◆ **Problem details**
An exact reproduction of the data below is expected, free of images.

◆ **Records shown**
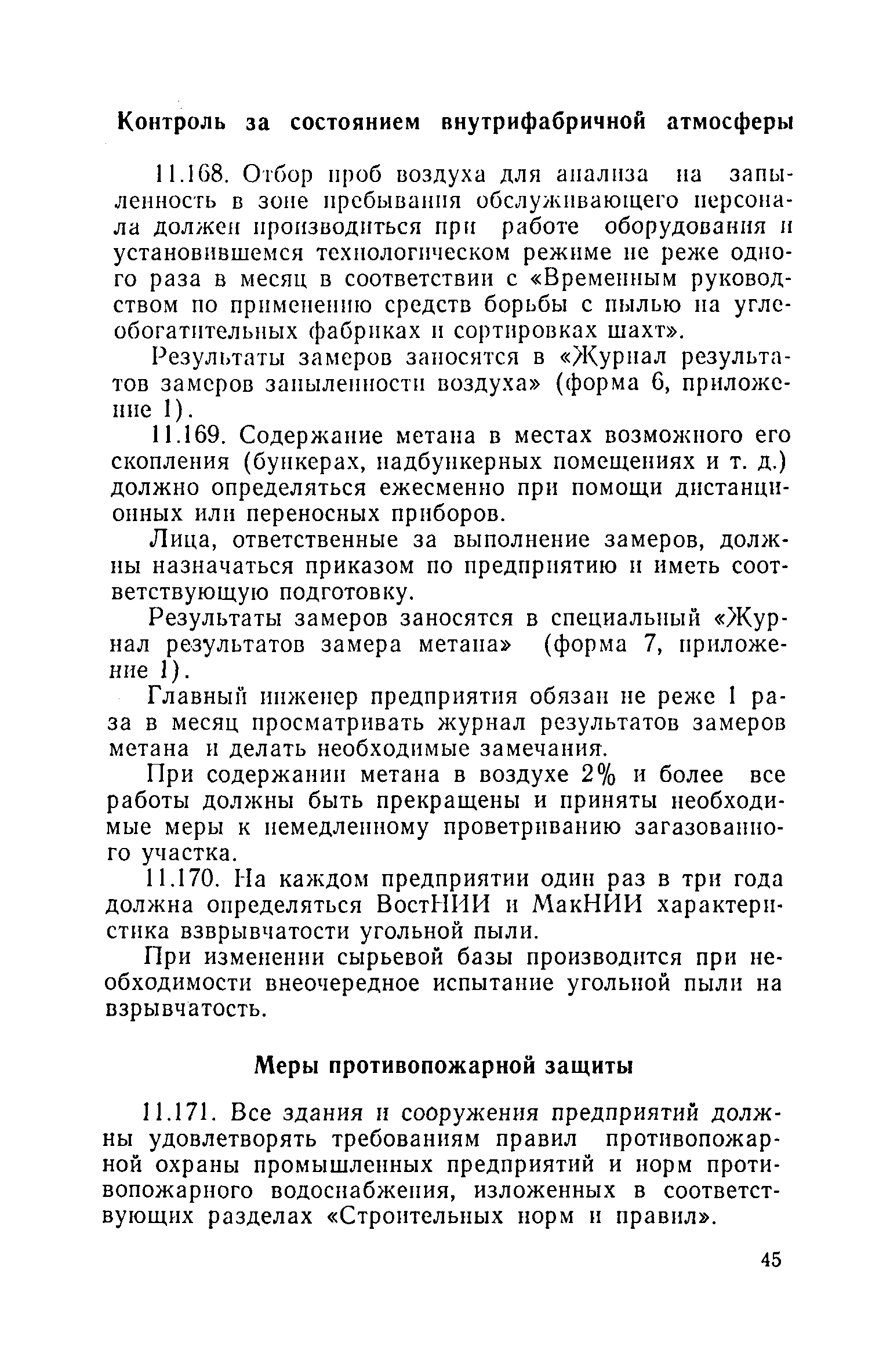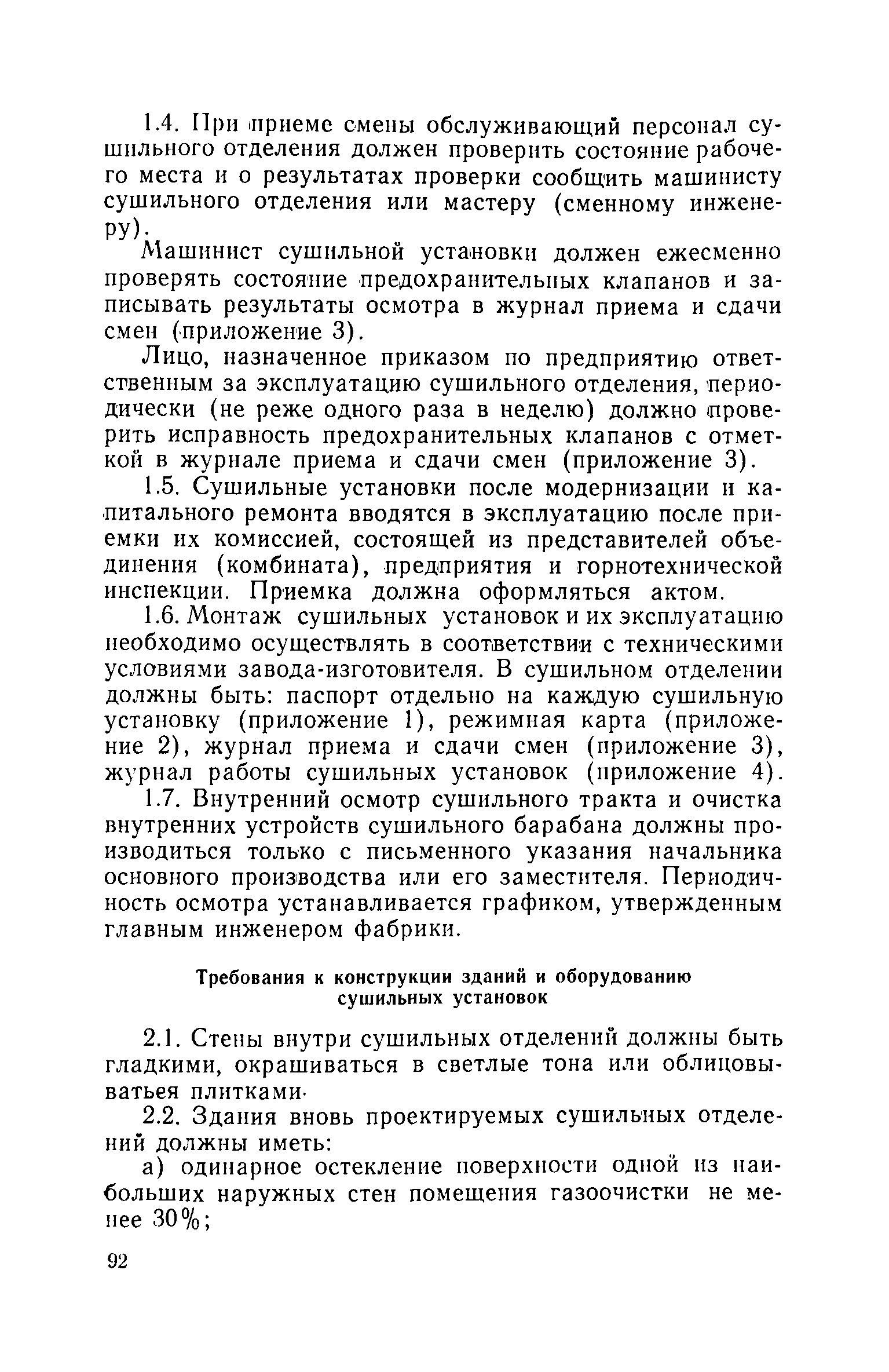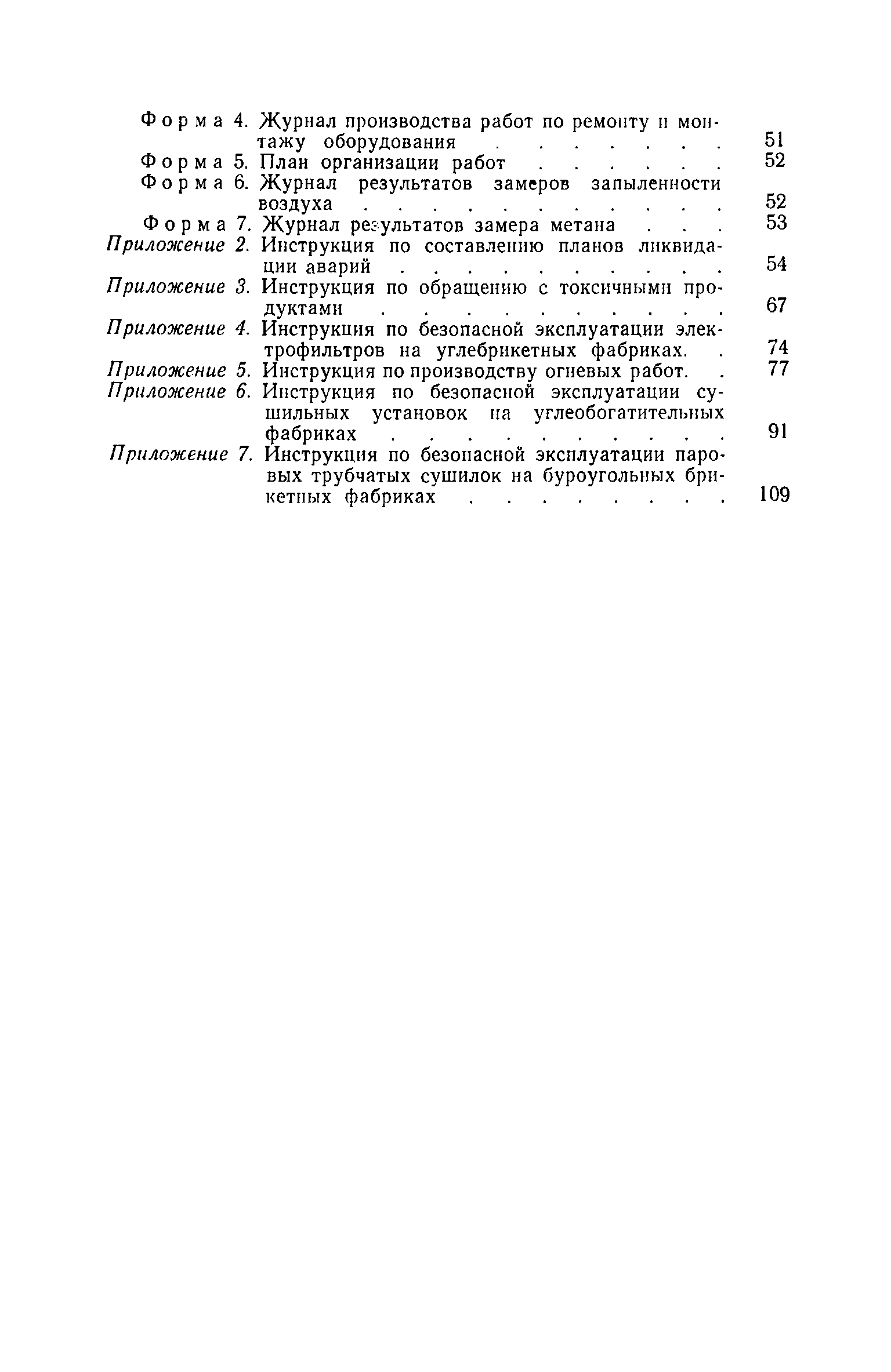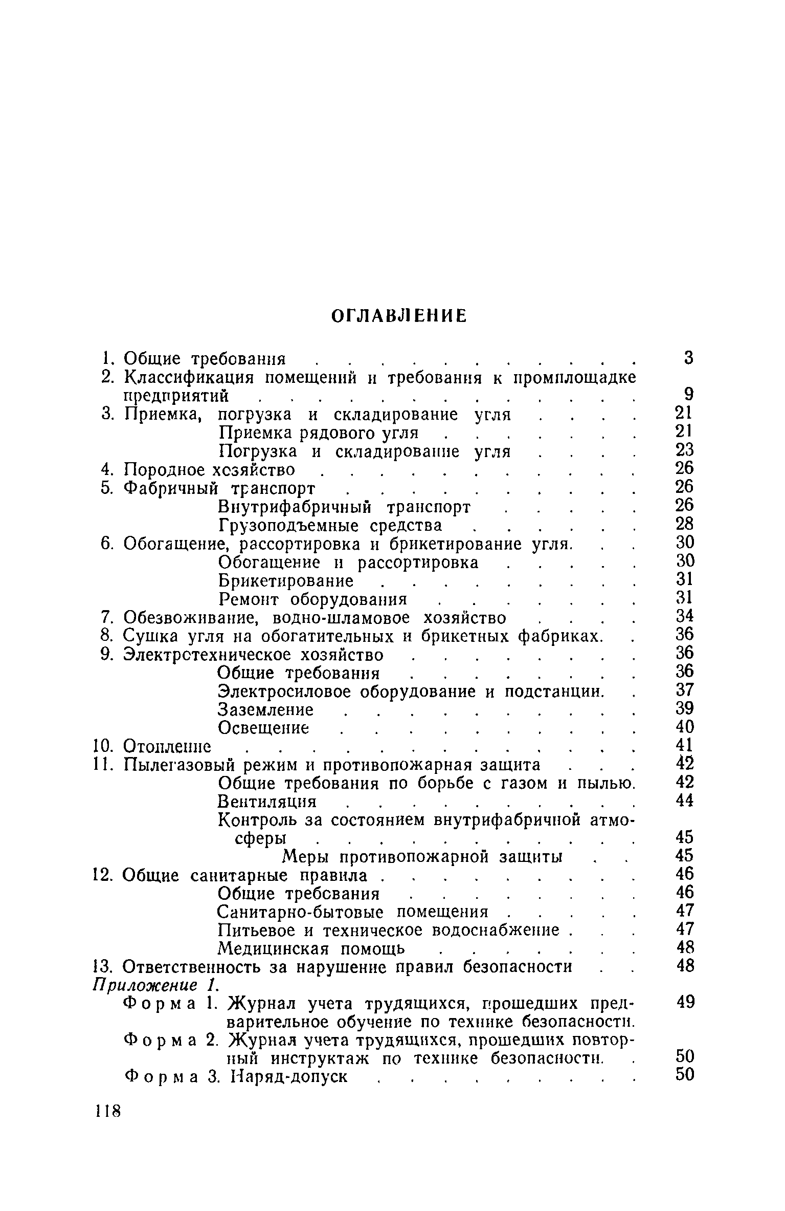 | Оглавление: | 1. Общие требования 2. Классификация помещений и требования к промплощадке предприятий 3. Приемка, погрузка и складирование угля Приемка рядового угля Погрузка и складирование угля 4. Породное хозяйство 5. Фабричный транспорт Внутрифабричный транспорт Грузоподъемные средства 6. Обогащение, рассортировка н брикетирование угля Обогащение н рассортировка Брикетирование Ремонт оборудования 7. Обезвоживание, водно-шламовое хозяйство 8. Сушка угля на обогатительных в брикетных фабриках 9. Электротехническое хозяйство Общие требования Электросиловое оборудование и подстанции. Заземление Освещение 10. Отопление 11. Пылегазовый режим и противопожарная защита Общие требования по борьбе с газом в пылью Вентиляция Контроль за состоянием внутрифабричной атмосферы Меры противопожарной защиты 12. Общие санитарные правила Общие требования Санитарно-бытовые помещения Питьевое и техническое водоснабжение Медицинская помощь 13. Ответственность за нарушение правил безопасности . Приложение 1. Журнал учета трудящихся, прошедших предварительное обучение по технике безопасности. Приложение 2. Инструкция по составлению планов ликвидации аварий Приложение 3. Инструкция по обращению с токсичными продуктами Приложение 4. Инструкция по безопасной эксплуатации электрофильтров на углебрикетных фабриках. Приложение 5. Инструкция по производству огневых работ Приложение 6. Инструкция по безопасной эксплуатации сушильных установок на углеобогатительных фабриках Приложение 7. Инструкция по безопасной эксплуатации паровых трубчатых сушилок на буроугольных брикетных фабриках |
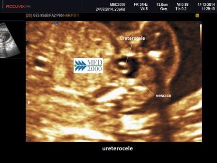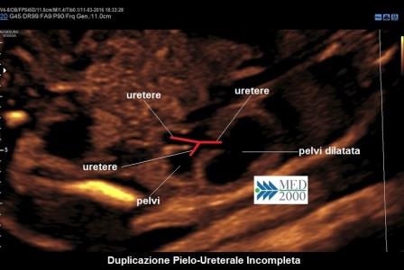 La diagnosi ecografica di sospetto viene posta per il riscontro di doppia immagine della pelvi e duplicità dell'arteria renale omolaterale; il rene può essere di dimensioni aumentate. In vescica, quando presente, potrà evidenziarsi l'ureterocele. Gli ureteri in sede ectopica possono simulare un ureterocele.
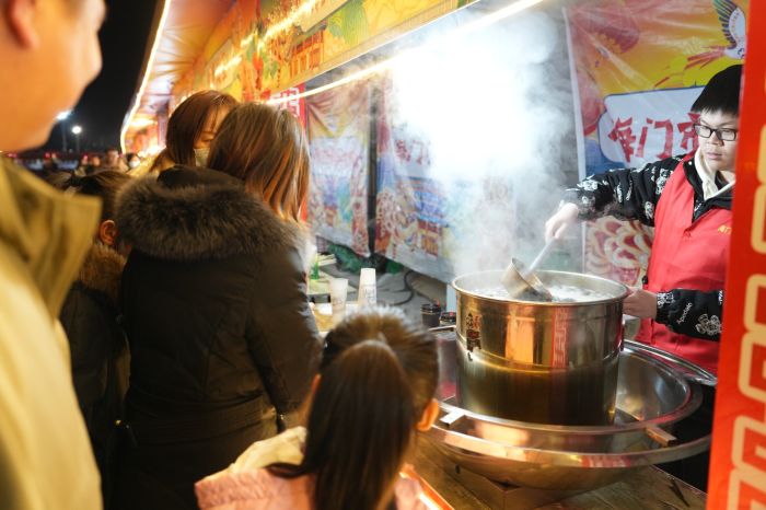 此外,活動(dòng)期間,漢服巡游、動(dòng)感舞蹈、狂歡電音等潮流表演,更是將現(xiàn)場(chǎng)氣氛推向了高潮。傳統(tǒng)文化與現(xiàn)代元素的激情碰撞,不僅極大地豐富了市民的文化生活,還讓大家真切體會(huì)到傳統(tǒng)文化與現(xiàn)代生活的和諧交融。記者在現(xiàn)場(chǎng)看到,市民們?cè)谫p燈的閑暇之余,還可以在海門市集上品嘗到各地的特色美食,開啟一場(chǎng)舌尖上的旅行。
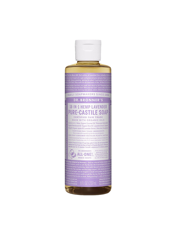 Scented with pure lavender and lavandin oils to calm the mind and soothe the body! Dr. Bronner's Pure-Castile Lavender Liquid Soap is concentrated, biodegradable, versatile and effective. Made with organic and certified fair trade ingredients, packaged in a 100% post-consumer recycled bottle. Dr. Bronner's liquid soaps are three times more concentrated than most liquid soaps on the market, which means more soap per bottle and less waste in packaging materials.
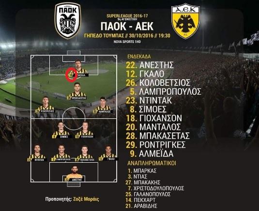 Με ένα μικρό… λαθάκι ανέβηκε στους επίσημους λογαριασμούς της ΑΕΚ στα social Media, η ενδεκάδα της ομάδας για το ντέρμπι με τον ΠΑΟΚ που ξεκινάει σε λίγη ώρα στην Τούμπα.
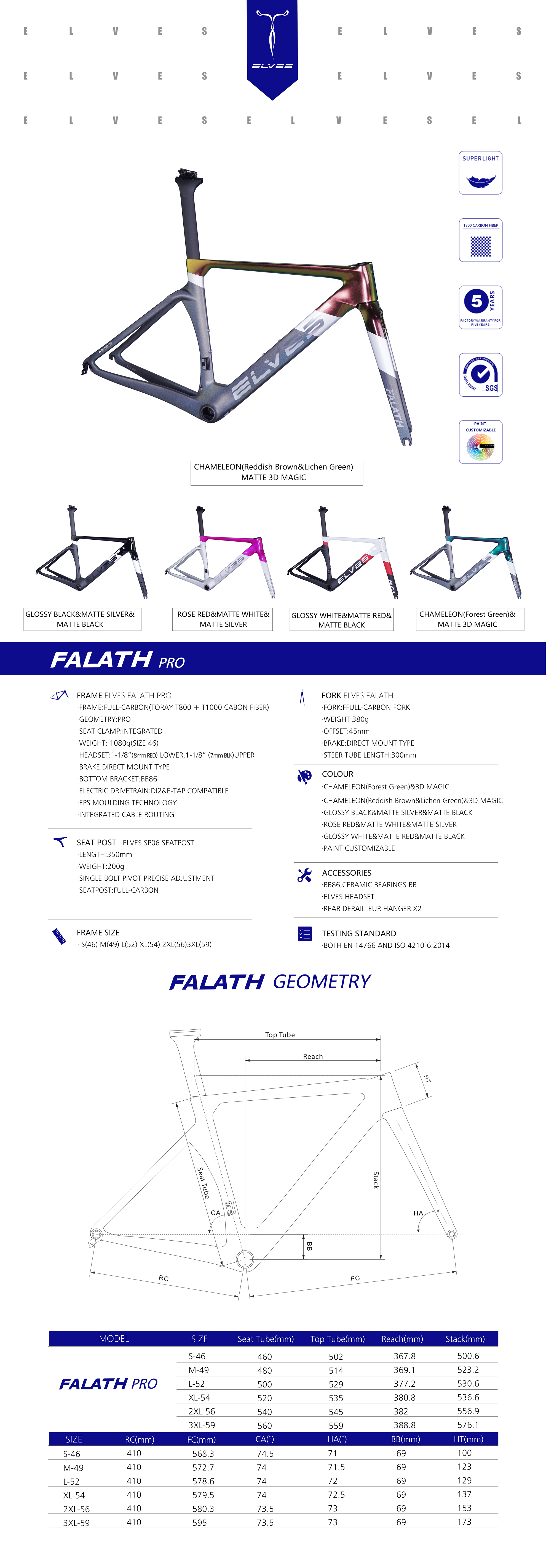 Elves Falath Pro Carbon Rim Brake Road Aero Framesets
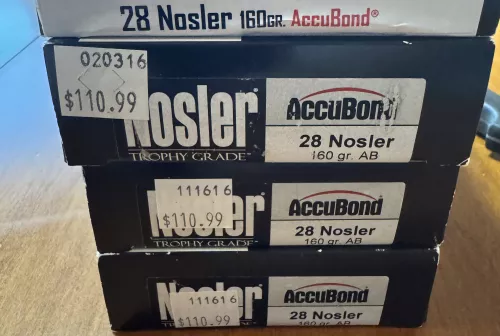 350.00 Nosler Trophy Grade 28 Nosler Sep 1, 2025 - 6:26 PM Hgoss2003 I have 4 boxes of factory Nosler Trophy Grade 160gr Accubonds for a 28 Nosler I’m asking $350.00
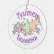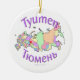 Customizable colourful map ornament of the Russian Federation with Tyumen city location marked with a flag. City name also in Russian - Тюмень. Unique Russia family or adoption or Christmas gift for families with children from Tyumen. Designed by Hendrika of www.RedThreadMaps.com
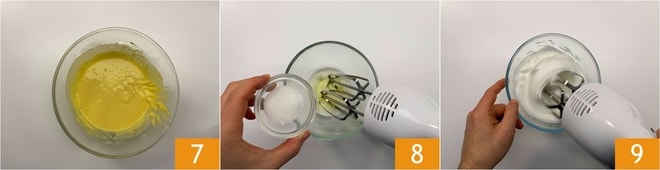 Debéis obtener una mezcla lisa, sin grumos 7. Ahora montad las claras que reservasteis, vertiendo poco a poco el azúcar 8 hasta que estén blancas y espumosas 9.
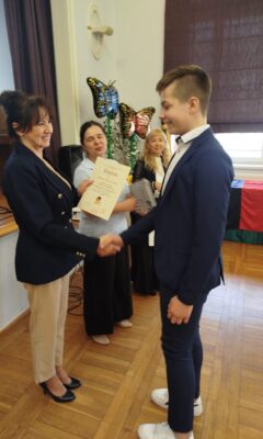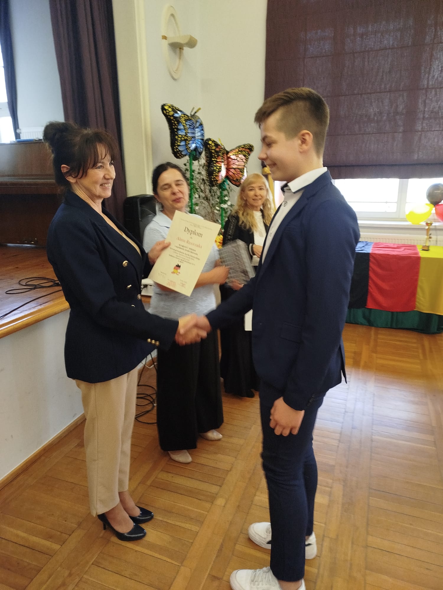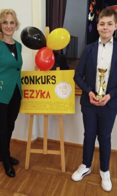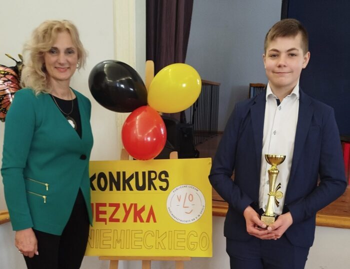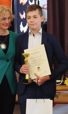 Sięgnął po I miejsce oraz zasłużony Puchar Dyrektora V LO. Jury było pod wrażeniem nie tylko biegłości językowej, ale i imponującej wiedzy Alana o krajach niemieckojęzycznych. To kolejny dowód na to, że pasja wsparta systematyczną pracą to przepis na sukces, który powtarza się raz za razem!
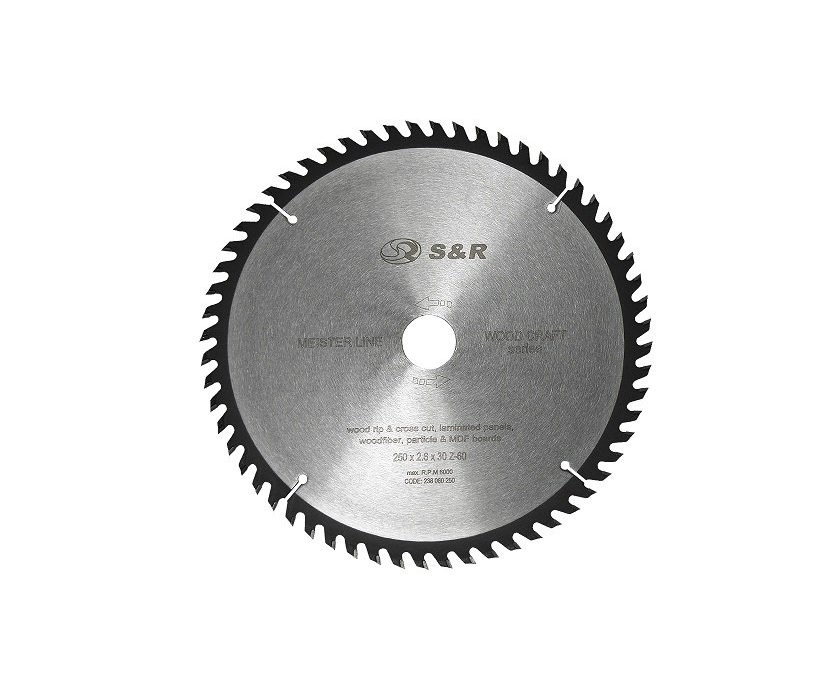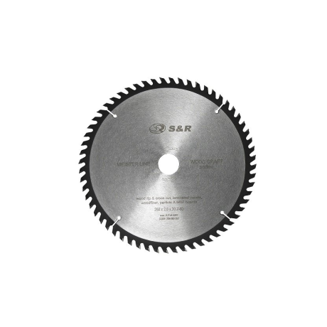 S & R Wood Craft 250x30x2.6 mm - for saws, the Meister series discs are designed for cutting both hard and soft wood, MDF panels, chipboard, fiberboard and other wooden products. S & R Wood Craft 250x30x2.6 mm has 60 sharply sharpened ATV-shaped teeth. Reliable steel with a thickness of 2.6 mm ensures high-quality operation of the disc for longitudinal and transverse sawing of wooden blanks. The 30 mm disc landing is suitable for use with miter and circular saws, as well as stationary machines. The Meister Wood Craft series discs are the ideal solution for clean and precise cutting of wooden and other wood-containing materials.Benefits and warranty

◆ **Expected answer**
 | Оглавление: | 1. Общие требования 2. Классификация помещений и требования к промплощадке предприятий 3. Приемка, погрузка и складирование угля Приемка рядового угля Погрузка и складирование угля 4. Породное хозяйство 5. Фабричный транспорт Внутрифабричный транспорт Грузоподъемные средства 6. Обогащение, рассортировка н брикетирование угля Обогащение н рассортировка Брикетирование Ремонт оборудования 7. Обезвоживание, водно-шламовое хозяйство 8. Сушка угля на обогатительных в брикетных фабриках 9. Электротехническое хозяйство Общие требования Электросиловое оборудование и подстанции. Заземление Освещение 10. Отопление 11. Пылегазовый режим и противопожарная защита Общие требования по борьбе с газом в пылью Вентиляция Контроль за состоянием внутрифабричной атмосферы Меры противопожарной защиты 12. Общие санитарные правила Общие требования Санитарно-бытовые помещения Питьевое и техническое водоснабжение Медицинская помощь 13. Ответственность за нарушение правил безопасности . Приложение 1. Журнал учета трудящихся, прошедших предварительное обучение по технике безопасности. Приложение 2. Инструкция по составлению планов ликвидации аварий Приложение 3. Инструкция по обращению с токсичными продуктами Приложение 4. Инструкция по безопасной эксплуатации электрофильтров на углебрикетных фабриках. Приложение 5. Инструкция по производству огневых работ Приложение 6. Инструкция по безопасной эксплуатации сушильных установок на углеобогатительных фабриках Приложение 7. Инструкция по безопасной эксплуатации паровых трубчатых сушилок на буроугольных брикетных фабриках |
 La diagnosi ecografica di sospetto viene posta per il riscontro di doppia immagine della pelvi e duplicità dell'arteria renale omolaterale; il rene può essere di dimensioni aumentate. In vescica, quando presente, potrà evidenziarsi l'ureterocele. Gli ureteri in sede ectopica possono simulare un ureterocele.
 此外,活動(dòng)期間,漢服巡游、動(dòng)感舞蹈、狂歡電音等潮流表演,更是將現(xiàn)場(chǎng)氣氛推向了高潮。傳統(tǒng)文化與現(xiàn)代元素的激情碰撞,不僅極大地豐富了市民的文化生活,還讓大家真切體會(huì)到傳統(tǒng)文化與現(xiàn)代生活的和諧交融。記者在現(xiàn)場(chǎng)看到,市民們?cè)谫p燈的閑暇之余,還可以在海門市集上品嘗到各地的特色美食,開啟一場(chǎng)舌尖上的旅行。
 Scented with pure lavender and lavandin oils to calm the mind and soothe the body! Dr. Bronner's Pure-Castile Lavender Liquid Soap is concentrated, biodegradable, versatile and effective. Made with organic and certified fair trade ingredients, packaged in a 100% post-consumer recycled bottle. Dr. Bronner's liquid soaps are three times more concentrated than most liquid soaps on the market, which means more soap per bottle and less waste in packaging materials.
 Με ένα μικρό… λαθάκι ανέβηκε στους επίσημους λογαριασμούς της ΑΕΚ στα social Media, η ενδεκάδα της ομάδας για το ντέρμπι με τον ΠΑΟΚ που ξεκινάει σε λίγη ώρα στην Τούμπα.
 Elves Falath Pro Carbon Rim Brake Road Aero Framesets
 350.00 Nosler Trophy Grade 28 Nosler Sep 1, 2025 - 6:26 PM Hgoss2003 I have 4 boxes of factory Nosler Trophy Grade 160gr Accubonds for a 28 Nosler I’m asking $350.00
 Customizable colourful map ornament of the Russian Federation with Tyumen city location marked with a flag. City name also in Russian - Тюмень. Unique Russia family or adoption or Christmas gift for families with children from Tyumen. Designed by Hendrika of www.RedThreadMaps.com
 Debéis obtener una mezcla lisa, sin grumos 7. Ahora montad las claras que reservasteis, vertiendo poco a poco el azúcar 8 hasta que estén blancas y espumosas 9.
 Sięgnął po I miejsce oraz zasłużony Puchar Dyrektora V LO. Jury było pod wrażeniem nie tylko biegłości językowej, ale i imponującej wiedzy Alana o krajach niemieckojęzycznych. To kolejny dowód na to, że pasja wsparta systematyczną pracą to przepis na sukces, który powtarza się raz za razem!
 S & R Wood Craft 250x30x2.6 mm - for saws, the Meister series discs are designed for cutting both hard and soft wood, MDF panels, chipboard, fiberboard and other wooden products. S & R Wood Craft 250x30x2.6 mm has 60 sharply sharpened ATV-shaped teeth. Reliable steel with a thickness of 2.6 mm ensures high-quality operation of the disc for longitudinal and transverse sawing of wooden blanks. The 30 mm disc landing is suitable for use with miter and circular saws, as well as stationary machines. The Meister Wood Craft series discs are the ideal solution for clean and precise cutting of wooden and other wood-containing materials.Benefits and warranty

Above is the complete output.